Вот сутулый ивняк-длиннолистник
Невидимка-рука потрясла…
Ах, опять ветерок-ненавистник
В душу робкую вносит разлад.
Занимается ль день над рекою,
Он от туч и от ветра рябой…
Мы простились: ты машешь рукою, –
Нет, не ты – бог разлуки с тобой…
Не исчислить вас, темные боги,
Боги будней и тяжких дорог!..
А бессонницы бог и тревоги?
А нужды? А изгнания бог?
А домашняя грусть у окошка,
Грусть твоя – что еще тяжелей?..
И ползущая сороконожка,
И сквозной ветерок из дверей…
Но в вихрастые дни вдохновенья,
Когда всё мне пустяк и тщета,
Я сплетаю богов, точно звенья,
И мечтаю, сплетя, сосчитать.
Вот сегодня как будто бы дожил
И готов их собрать на копье.
Но вгрызается грусть многобожья
В терпеливое сердце мое!..
1931
Витринная кукла
Мне грезится фигурка неживая,
Слегка отставившая локоть круглый, –
Задрапированная восковая
Модель витринная, больная кукла.
Случайно вы попали в поле зренья…
Я щурился, разглядывая пачки
Шелков, носков с божественным презреньем, -
Душа была в потусторонней спячке.
Фигурка, вы – последняя влюбленность.
Пусть нездорово, но, по крайней мере,
Не тронет вас моя испепеленность.
А звать вас буду Ирмой или Мэри.
И жизнь пойдет прекрасно и правдиво
В прекрасном шелковом раю витрины,
Где вы теперь стоите горделиво, -
Осуществление мечты старинной.
<1932>
Зима близка
Всё прозрачней воздух,
Всё острей слеза,
Всё синее звезды,
Всё слепей глаза.
И дымятся трубы,
И бурлит река, -
Холоднее губы,
Холодней тоска…
И зима близка!
<1932>
"Всем мои стихи доступны, – всем ли?.."
Всем мои стихи доступны, – всем ли?
Да, конечно! Точно снег они,
Падающий хлопьями на землю
В пасмурные мартовские дни.
Всякий вправе подставлять лицо им,
Обелиться с головы до пят
Их мохнатым карусельным роем,
Но – беда! – не все того хотят.
По частицам расточаю дар свой,
Жду, терплю, – на худшее готов.
Но никто мне не прошепчет: "царствуй!"
И руки мне не подаст никто.
Это выглядит мрачней могилы,
Это гибнет человек живьем…
Но какая дьявольская сила
В нынешнем отчаянье моем!
<1932>
Опыт
Одиночество, – да! – одиночество злее марксизма.

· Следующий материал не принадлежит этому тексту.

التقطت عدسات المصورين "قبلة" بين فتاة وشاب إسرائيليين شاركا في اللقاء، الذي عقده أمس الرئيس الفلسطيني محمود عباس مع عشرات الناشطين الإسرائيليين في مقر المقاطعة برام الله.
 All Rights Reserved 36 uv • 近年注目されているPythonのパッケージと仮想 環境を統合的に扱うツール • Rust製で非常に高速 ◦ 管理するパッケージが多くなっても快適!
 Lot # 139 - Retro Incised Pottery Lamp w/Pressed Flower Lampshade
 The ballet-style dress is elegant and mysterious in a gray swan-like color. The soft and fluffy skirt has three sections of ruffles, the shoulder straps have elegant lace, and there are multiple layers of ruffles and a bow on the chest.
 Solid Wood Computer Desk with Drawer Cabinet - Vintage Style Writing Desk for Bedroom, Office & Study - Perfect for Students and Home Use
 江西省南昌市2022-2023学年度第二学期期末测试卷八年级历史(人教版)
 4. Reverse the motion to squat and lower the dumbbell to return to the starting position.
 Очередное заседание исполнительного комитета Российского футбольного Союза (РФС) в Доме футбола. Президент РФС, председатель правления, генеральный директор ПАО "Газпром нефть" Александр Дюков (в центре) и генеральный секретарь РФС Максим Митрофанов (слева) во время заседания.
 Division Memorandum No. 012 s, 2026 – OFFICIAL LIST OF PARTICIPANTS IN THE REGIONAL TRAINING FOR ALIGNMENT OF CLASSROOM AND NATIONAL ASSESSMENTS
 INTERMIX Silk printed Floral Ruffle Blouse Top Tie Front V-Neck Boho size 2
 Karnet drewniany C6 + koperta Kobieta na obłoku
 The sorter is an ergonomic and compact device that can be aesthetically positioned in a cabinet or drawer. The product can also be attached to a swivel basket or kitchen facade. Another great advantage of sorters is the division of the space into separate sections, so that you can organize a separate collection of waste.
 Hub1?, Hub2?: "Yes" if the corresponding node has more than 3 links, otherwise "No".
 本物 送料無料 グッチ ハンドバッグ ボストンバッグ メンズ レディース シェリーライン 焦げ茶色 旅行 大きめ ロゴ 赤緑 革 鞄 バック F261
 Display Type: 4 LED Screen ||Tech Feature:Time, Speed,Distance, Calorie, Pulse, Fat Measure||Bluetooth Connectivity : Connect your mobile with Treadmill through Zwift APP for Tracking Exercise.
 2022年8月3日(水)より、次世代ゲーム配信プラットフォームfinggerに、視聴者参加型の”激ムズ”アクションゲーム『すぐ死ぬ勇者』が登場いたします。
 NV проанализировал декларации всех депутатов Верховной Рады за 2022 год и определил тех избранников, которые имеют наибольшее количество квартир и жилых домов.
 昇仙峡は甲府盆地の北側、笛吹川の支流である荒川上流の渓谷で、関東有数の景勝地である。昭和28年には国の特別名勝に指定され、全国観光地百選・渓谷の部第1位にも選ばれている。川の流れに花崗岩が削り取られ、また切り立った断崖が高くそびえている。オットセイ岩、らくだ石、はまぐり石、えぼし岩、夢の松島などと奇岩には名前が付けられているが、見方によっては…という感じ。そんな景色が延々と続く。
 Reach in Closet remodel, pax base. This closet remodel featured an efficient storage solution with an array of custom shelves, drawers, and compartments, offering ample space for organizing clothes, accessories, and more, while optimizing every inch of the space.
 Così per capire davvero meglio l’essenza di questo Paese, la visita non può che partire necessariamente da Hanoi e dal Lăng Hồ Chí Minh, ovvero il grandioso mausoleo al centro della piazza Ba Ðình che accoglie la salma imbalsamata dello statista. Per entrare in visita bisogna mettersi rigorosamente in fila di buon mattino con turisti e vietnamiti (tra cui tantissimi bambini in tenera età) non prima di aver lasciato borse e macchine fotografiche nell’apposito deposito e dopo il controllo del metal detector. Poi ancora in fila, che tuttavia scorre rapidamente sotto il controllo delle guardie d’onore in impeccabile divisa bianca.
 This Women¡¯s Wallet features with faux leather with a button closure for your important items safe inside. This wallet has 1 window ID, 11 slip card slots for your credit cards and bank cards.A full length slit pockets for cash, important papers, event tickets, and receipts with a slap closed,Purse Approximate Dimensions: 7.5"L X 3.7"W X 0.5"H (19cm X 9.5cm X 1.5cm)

Накопляешь безвыходность: родины нет, нет любви.
Содрогаешься часто, на рифмы кладешь пароксизмы,
Бродишь взором молящим среди облаковых лавин.
– "Не от мира сего…" И горят синема, рестораны,
Ходят женщины, будят сознанье, что ты одинок
На земле, где слывешь чудаком захудалым и странным,
Эмигрантом до мозга костей, с головы и до ног.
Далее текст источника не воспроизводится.